Personal information
- Full name: Muhammed Alperen Uysal
- Date of birth: 1 January 1994 (age 32)
- Place of birth: Balıkesir, Turkey
- Height: 1.92 m (6 ft 4 in)
- Position: Goalkeeper

Team information
- Current team: Vanspor F.K.
- Number: 1

Youth career
- 2004–2006: Yenisanayispor
- 2004–2015: Galatasaray

Senior career*
- Years: Team / Apps / (Gls)
- 2013–2016: Galatasaray / 0 / (0)
- 2015–2016: → Gaziantepspor (loan) / 1 / (0)
- 2016–2018: Çaykur Rizespor / 0 / (0)
- 2018–2022: İstanbulspor / 128 / (0)
- 2022–2023: Antalyaspor / 10 / (0)
- 2023–2024: Manisa / 21 / (0)
- 2024: Şanlıurfaspor / 11 / (0)
- 2024–2025: Manisa / 37 / (0)
- 2025–2026: Sarıyer / 17 / (0)
- 2026-: Vanspor F.K. / 5 / (0)

International career
- 2008–2009: Turkey U15 / 7 / (0)
- 2008: Turkey U16 / 2 / (0)
- 2009–2010: Turkey U18 / 18 / (0)
- 2010–2011: Turkey U18 / 2 / (0)
- 2011–2012: Turkey U19 / 4 / (0)
- 2012–2014: Turkey U20 / 11 / (0)
- 2014–2016: Turkey U21 / 3 / (0)

= Alperen Uysal =

Turkish footballer (born 1994)

Muhammed Alperen Uysal (born 1 January 1994) is a Turkish professional footballer who plays as a goalkeeper for TFF 1. Lig club Vanspor F.K..

== Career ==
Uysal started his youth career at Galatasaray, where he trained with Fernando Muslera under Claudio Taffarel. On 6 August 2015, he joined Gaziantepspor on a one-year loan. He made his professional debut for Gaziantepspor in a 4–0 loss to Beşiktaş 2 April 2016.
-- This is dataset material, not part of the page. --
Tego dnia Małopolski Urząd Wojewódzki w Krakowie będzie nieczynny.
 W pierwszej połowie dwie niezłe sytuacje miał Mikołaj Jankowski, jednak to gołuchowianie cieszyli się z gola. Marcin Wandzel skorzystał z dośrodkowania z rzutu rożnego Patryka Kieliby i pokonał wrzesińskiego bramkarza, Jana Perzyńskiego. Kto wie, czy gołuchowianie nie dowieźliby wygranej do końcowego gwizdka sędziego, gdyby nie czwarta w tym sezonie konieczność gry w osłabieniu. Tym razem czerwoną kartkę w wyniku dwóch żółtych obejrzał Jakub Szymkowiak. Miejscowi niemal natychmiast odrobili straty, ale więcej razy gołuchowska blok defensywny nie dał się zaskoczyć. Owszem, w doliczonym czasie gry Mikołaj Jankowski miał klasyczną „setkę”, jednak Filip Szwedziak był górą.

On 15 August 2016, Uysal joined Çaykur Rizespor on a free transfer, signing a three-year contract. Galatasaray retained a 50% of any future transfer.

On 27 January 2018, he joined İstanbulspor on a free transfer, signing a 4.5 year contract.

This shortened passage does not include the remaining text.